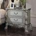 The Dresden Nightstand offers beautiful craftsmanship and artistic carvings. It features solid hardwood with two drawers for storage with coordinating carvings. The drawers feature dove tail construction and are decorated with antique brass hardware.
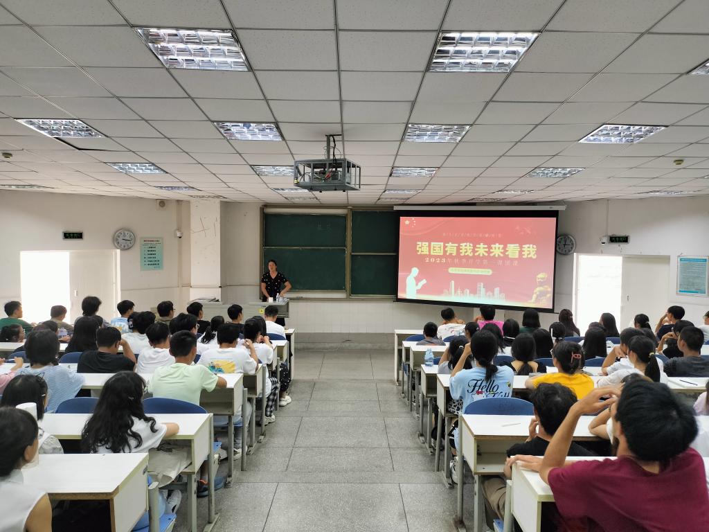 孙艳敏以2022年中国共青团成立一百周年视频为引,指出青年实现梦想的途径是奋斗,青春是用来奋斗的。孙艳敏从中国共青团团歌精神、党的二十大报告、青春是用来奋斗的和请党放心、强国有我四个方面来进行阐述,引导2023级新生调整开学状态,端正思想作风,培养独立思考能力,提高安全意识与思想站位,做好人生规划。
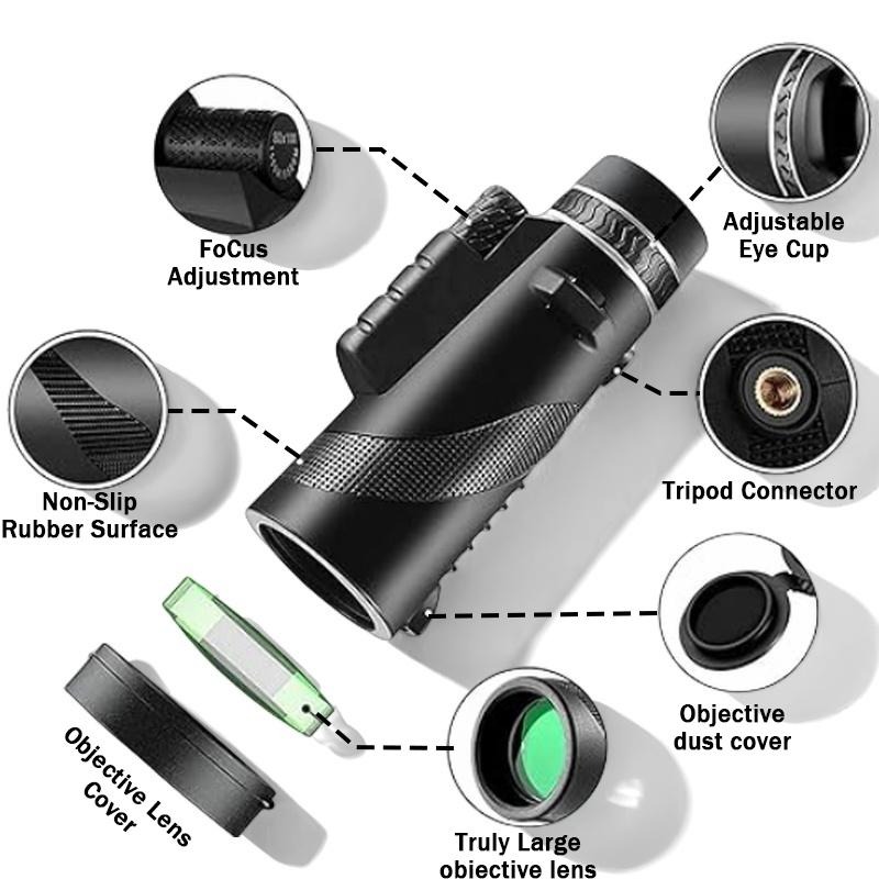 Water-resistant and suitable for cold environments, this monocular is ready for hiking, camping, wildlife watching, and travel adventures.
------------------------------------------------------------------------
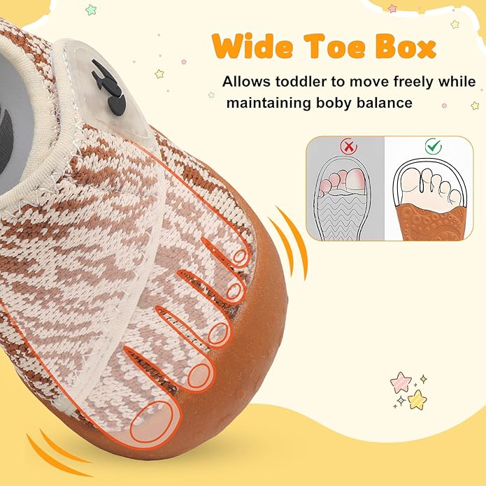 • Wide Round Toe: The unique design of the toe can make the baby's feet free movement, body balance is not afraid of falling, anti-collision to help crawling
------------------------------------------------------------------------
#### Exercise:
Within the listing above, extract exactly the lines that run from the one containing "The Dresden Nightstand" through the one containing "Water-resistant and suitable", excluding any pictures.

#### Written answer:
 The Dresden Nightstand offers beautiful craftsmanship and artistic carvings. It features solid hardwood with two drawers for storage with coordinating carvings. The drawers feature dove tail construction and are decorated with antique brass hardware.
 孙艳敏以2022年中国共青团成立一百周年视频为引,指出青年实现梦想的途径是奋斗,青春是用来奋斗的。孙艳敏从中国共青团团歌精神、党的二十大报告、青春是用来奋斗的和请党放心、强国有我四个方面来进行阐述,引导2023级新生调整开学状态,端正思想作风,培养独立思考能力,提高安全意识与思想站位,做好人生规划。
 Water-resistant and suitable for cold environments, this monocular is ready for hiking, camping, wildlife watching, and travel adventures.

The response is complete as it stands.